Dataset excerpts:

*** Begin section ***

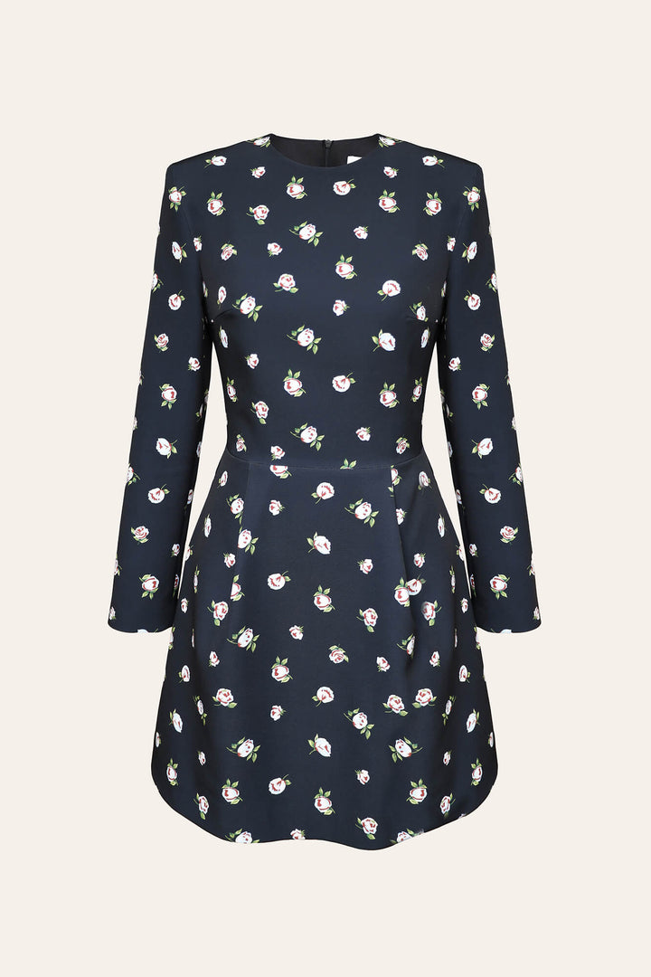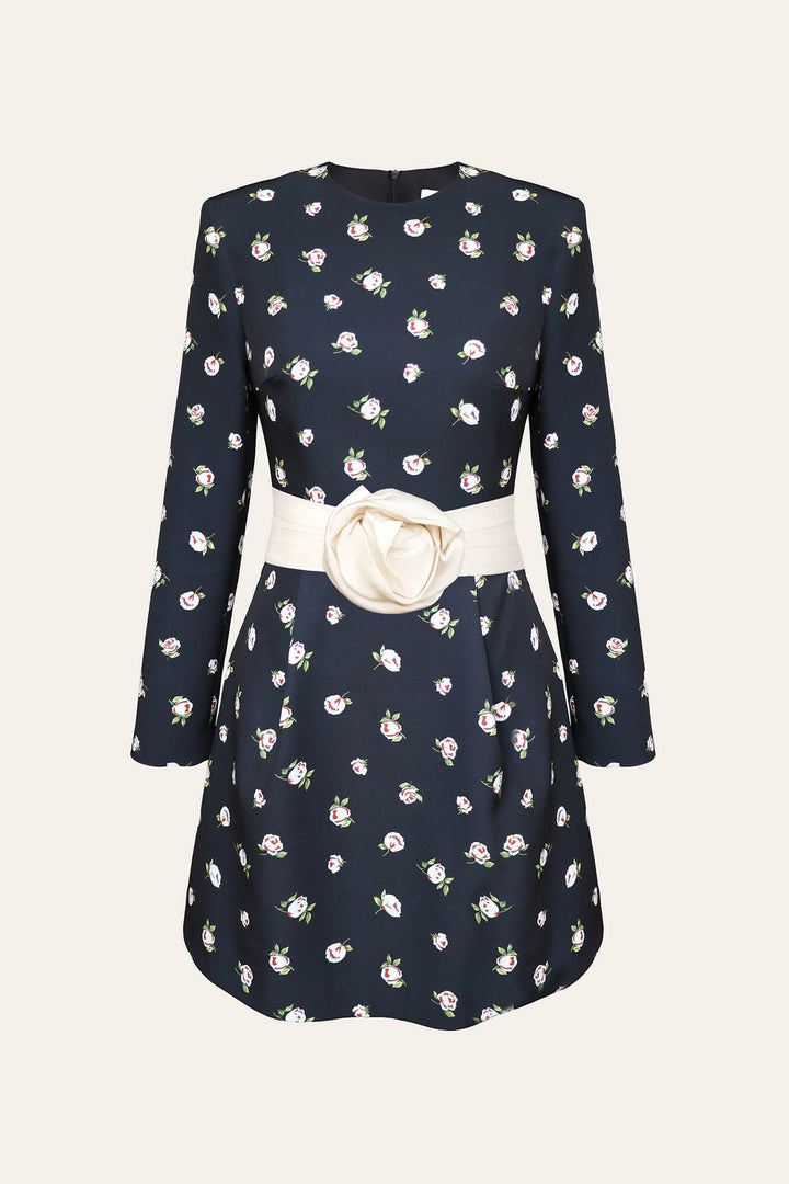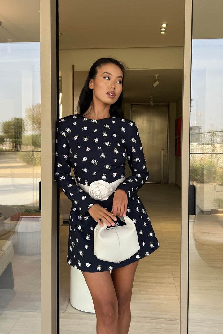 Çıkarılabilir Gül Kemerli Uzun Kollu Mini Elbise
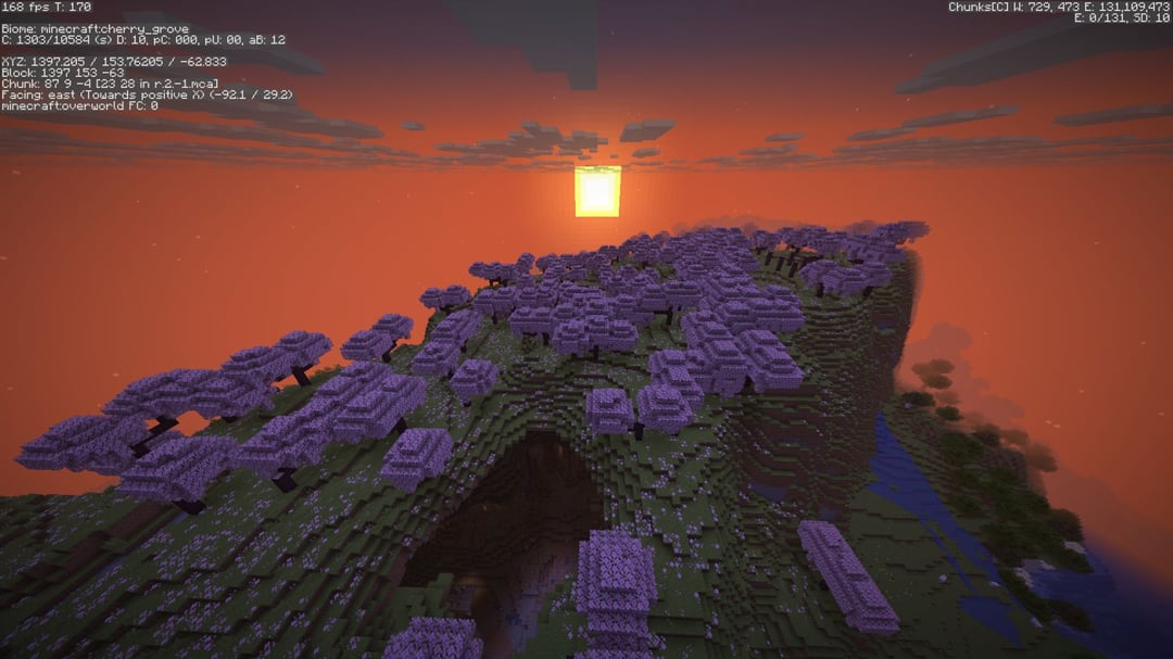 I recently started a new world and when I was looking for a place where to build my base, I came across this gigantic cave underneath the cherry blossom biome. It has a lot of building potential and there is a village nearby. Also, pale garden biome is in a ~500 blocks radius.
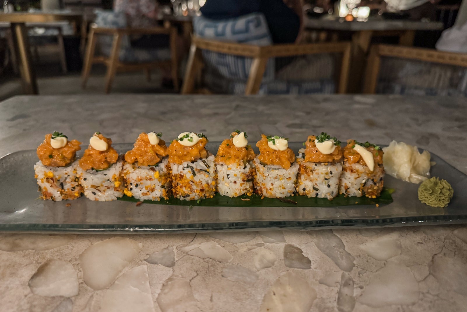 Take advantage of the fresh fish and seafood sourced locally with an outdoor dinner at the hotel's Japanese-inspired restaurant, Azido. You can dive into ultrafresh bluefin tuna sashimi ($49) along with specialties like scallop and tiger shrimp truffle gyoza ($35.50) and heaping hand rolls like a hearty one with soft-shell crab, avocado and cucumber ($31).
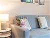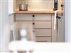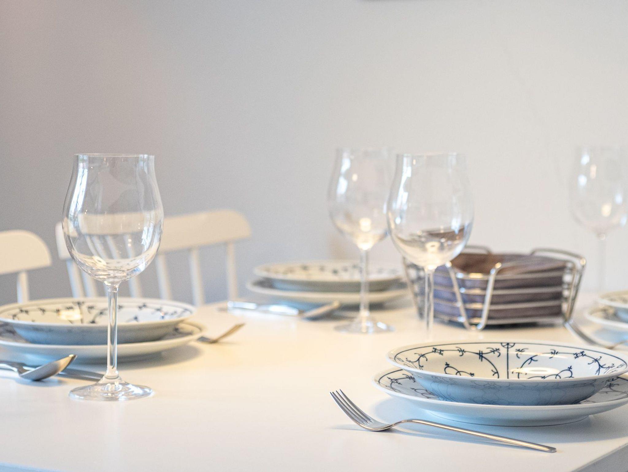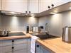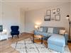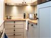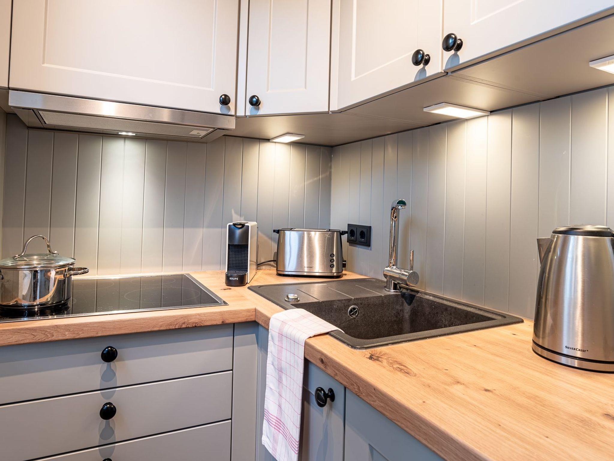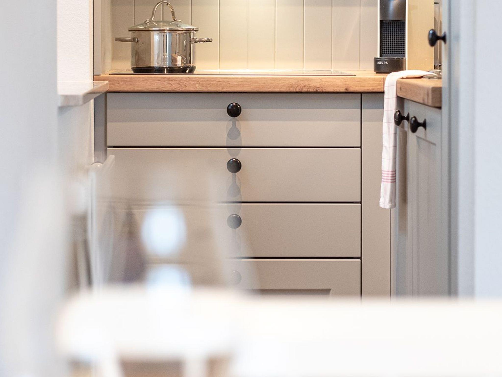 Neben dem hellen Wohn- und Essbereich mit großer Couch, einem Sessel und dem Smart TV ist die hochwertige Marken-Einbauküche ein besonderes Highlight dieser geschmackvoll ausgestatteten Wohnung. Die offene Küchenzeile wartet mit allem Komfort auf Sie: hochgebauter Backofen, großer Kühlschrank mit Gefrierfach, besonders leise Spülmaschine.
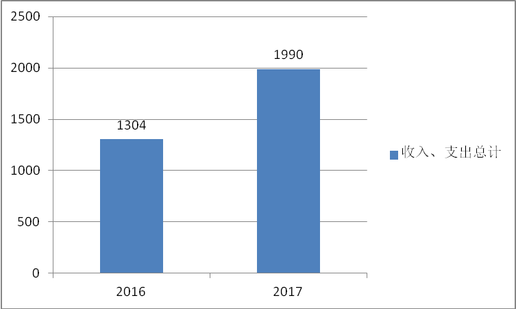 2017年度收、支总计1,990万元。与2016年相比,收、支总计各增加686万元,增长52.61%,主要原因是基本支出增加。
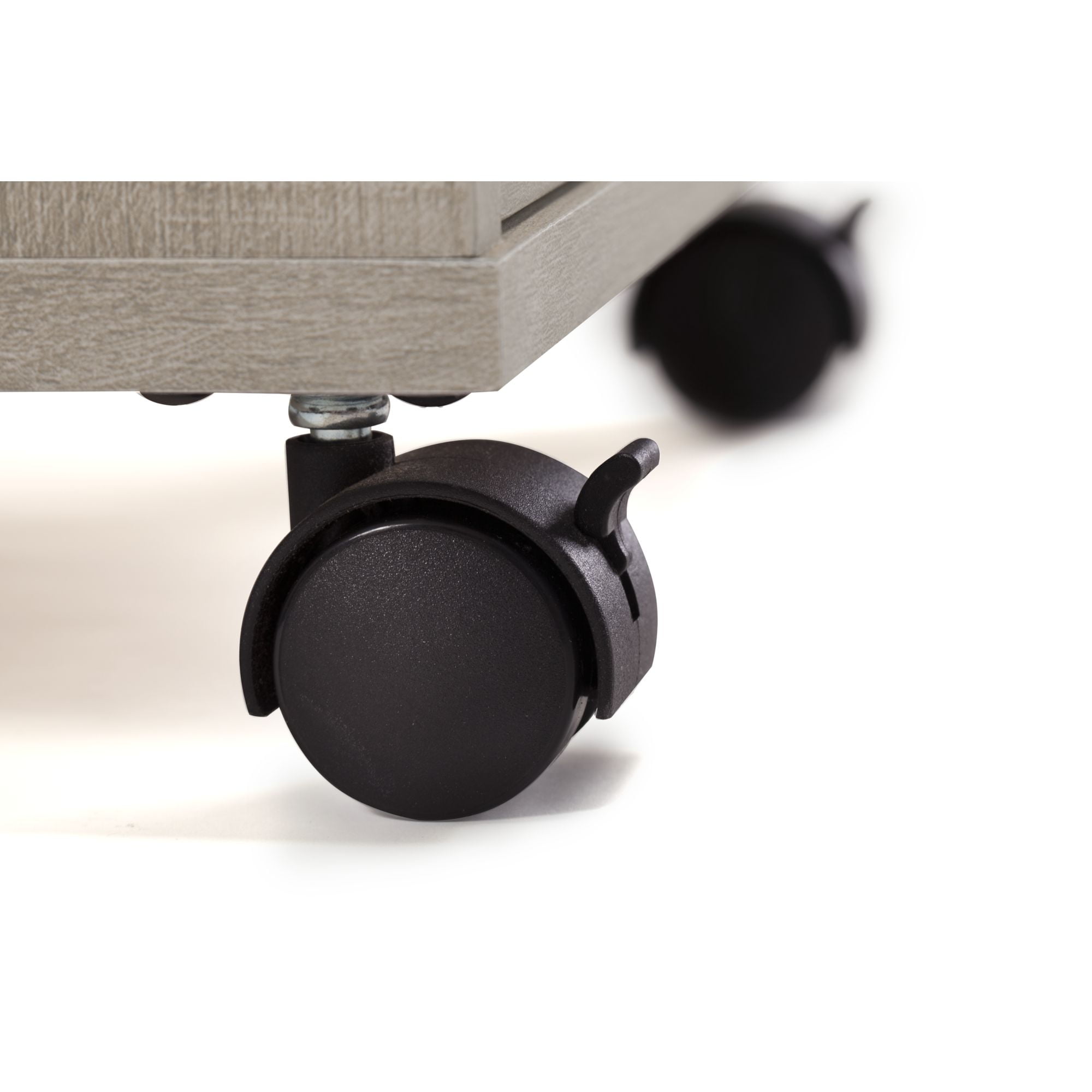 The Bush Furniture Key West 60W L Shaped Desk with Mobile File Cabinet turns any room into a practical home office with easy going style. Save floor space in compact areas by rolling the Cabinet under the Desk and placing the set in a corner, or make use of the fully finished backs to take a prominent position in the middle of the room. At 60W x 60D, the durable work surface is spacious enough to spread out with a computer, paperwork and more when taking on your task of the day. A sturdy post leg design with unique X pattern accents on the side panels creates a relaxed, open appearance while quality construction and materials allow the corner desk to support up to 200 pounds. The 2 drawer filing cabinet rolls on dual-wheeled casters and locks into place for secure positioning. The file drawer opens on full-extension ball bearing slides and accommodates letter size documents while a box drawer provides storage for office supplies and utensils. Available in your choice of several casual finishes, this L shaped computer desk with storage coordinates with a wide range of products including Desktop Organizers, a Lateral File Cabinet and a 5 Shelf Bookcase (all sold separately) to complete your personal workspace with laid back charm of farmhouse decor. This home office furniture set is tested to meet ANSI/SOHO quality standards for safety and performance and is backed by the Bush Furniture 1 Year Manufacturer’s Warranty.

*** End section ***

Only the records, copied exactly and without pictures, should make up the answer.

▶ _RESPONSE BOX_
 Çıkarılabilir Gül Kemerli Uzun Kollu Mini Elbise
 I recently started a new world and when I was looking for a place where to build my base, I came across this gigantic cave underneath the cherry blossom biome. It has a lot of building potential and there is a village nearby. Also, pale garden biome is in a ~500 blocks radius.
 Take advantage of the fresh fish and seafood sourced locally with an outdoor dinner at the hotel's Japanese-inspired restaurant, Azido. You can dive into ultrafresh bluefin tuna sashimi ($49) along with specialties like scallop and tiger shrimp truffle gyoza ($35.50) and heaping hand rolls like a hearty one with soft-shell crab, avocado and cucumber ($31).
 Neben dem hellen Wohn- und Essbereich mit großer Couch, einem Sessel und dem Smart TV ist die hochwertige Marken-Einbauküche ein besonderes Highlight dieser geschmackvoll ausgestatteten Wohnung. Die offene Küchenzeile wartet mit allem Komfort auf Sie: hochgebauter Backofen, großer Kühlschrank mit Gefrierfach, besonders leise Spülmaschine.
 2017年度收、支总计1,990万元。与2016年相比,收、支总计各增加686万元,增长52.61%,主要原因是基本支出增加。
 The Bush Furniture Key West 60W L Shaped Desk with Mobile File Cabinet turns any room into a practical home office with easy going style. Save floor space in compact areas by rolling the Cabinet under the Desk and placing the set in a corner, or make use of the fully finished backs to take a prominent position in the middle of the room. At 60W x 60D, the durable work surface is spacious enough to spread out with a computer, paperwork and more when taking on your task of the day. A sturdy post leg design with unique X pattern accents on the side panels creates a relaxed, open appearance while quality construction and materials allow the corner desk to support up to 200 pounds. The 2 drawer filing cabinet rolls on dual-wheeled casters and locks into place for secure positioning. The file drawer opens on full-extension ball bearing slides and accommodates letter size documents while a box drawer provides storage for office supplies and utensils. Available in your choice of several casual finishes, this L shaped computer desk with storage coordinates with a wide range of products including Desktop Organizers, a Lateral File Cabinet and a 5 Shelf Bookcase (all sold separately) to complete your personal workspace with laid back charm of farmhouse decor. This home office furniture set is tested to meet ANSI/SOHO quality standards for safety and performance and is backed by the Bush Furniture 1 Year Manufacturer’s Warranty.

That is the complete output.